GIVEN MATERIAL below:

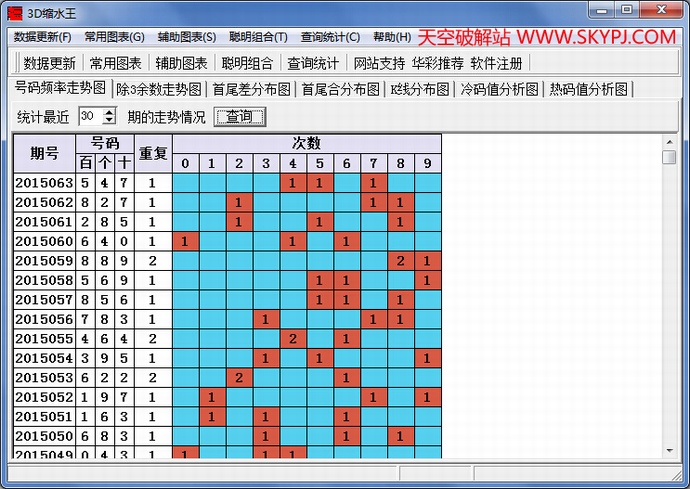 3D缩水王针对福彩3D提供全面超前的做码功能,筛码过滤模块,筛选条件齐全,界面简洁明了,快速计算出正确的号码,更令人叫绝的是聪明组合和超级推荐,自动推荐出包围中奖号的号码,软件配备迄今为止国内最齐全的分析图表,帮助用户对最近的开奖号码进行深入细致的分析,软件界面直观,易学易用,是喜欢3D彩票的彩民的良师益友。
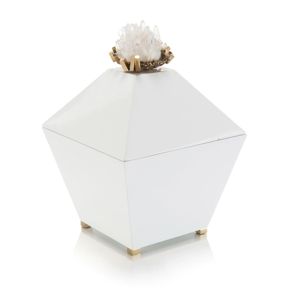 John-Richard is renowned for its timeless elegance and exceptional craftsmanship, and this piece is no exception. The combination of natural crystal quartz and sleek brass detailing creates a striking contrast, while the white enamel box adds a modern touch. Whether placed on a mantel, coffee table, or bookshelf, this accent piece is sure to draw admiration and elevate your interior decor.
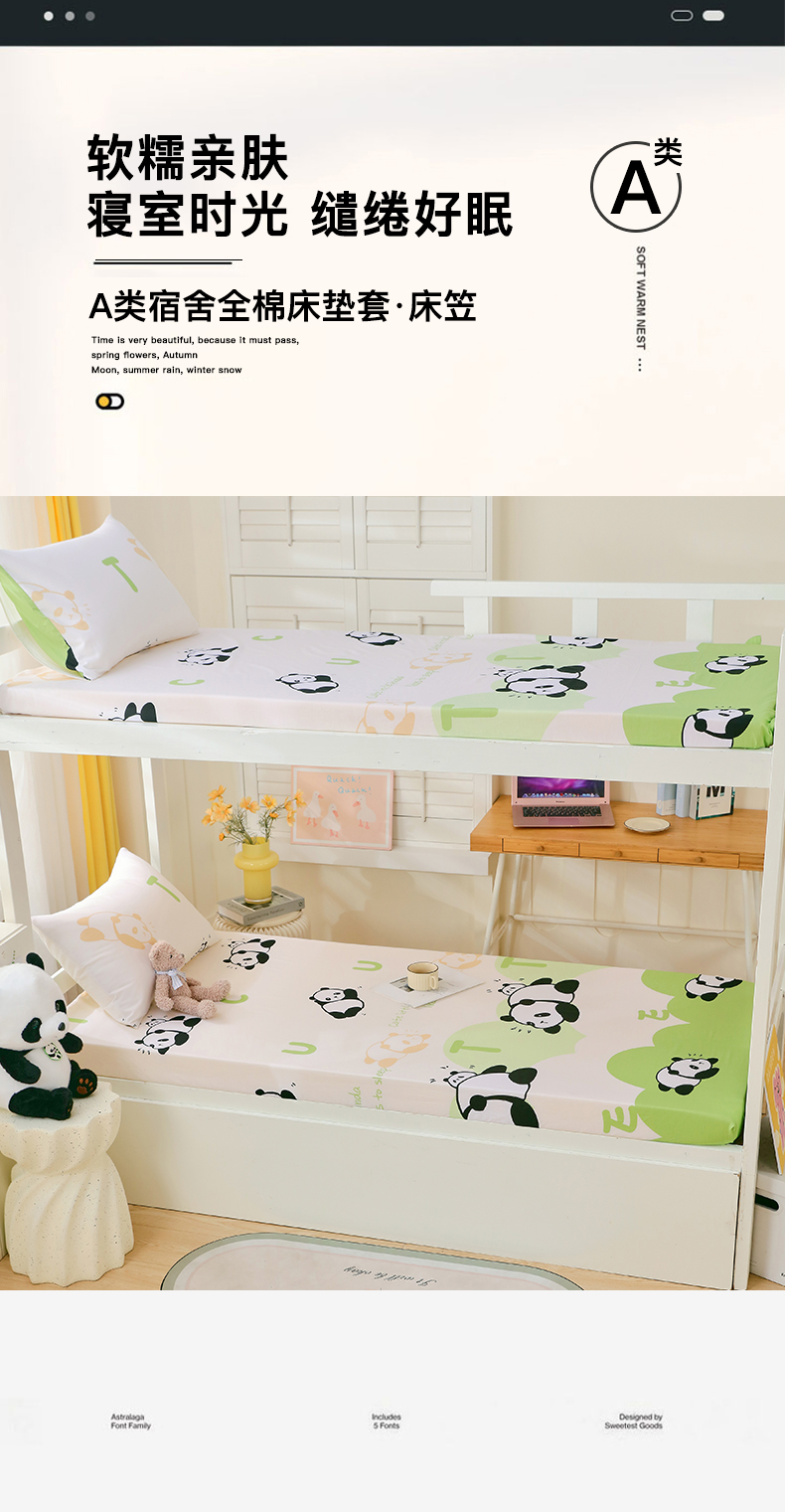 商品名称:金鑫汇家纺 2025新款全棉学生宿舍单品床单系列 可爱熊猫

End of GIVEN MATERIAL.

TRY IT: The copy must begin with the line containing "John-Richard is renowned", end with the last line of the material, match each line exactly, and hold no pictures.

OUTPUT FOR THIS TASK:
 John-Richard is renowned for its timeless elegance and exceptional craftsmanship, and this piece is no exception. The combination of natural crystal quartz and sleek brass detailing creates a striking contrast, while the white enamel box adds a modern touch. Whether placed on a mantel, coffee table, or bookshelf, this accent piece is sure to draw admiration and elevate your interior decor.
 商品名称:金鑫汇家纺 2025新款全棉学生宿舍单品床单系列 可爱熊猫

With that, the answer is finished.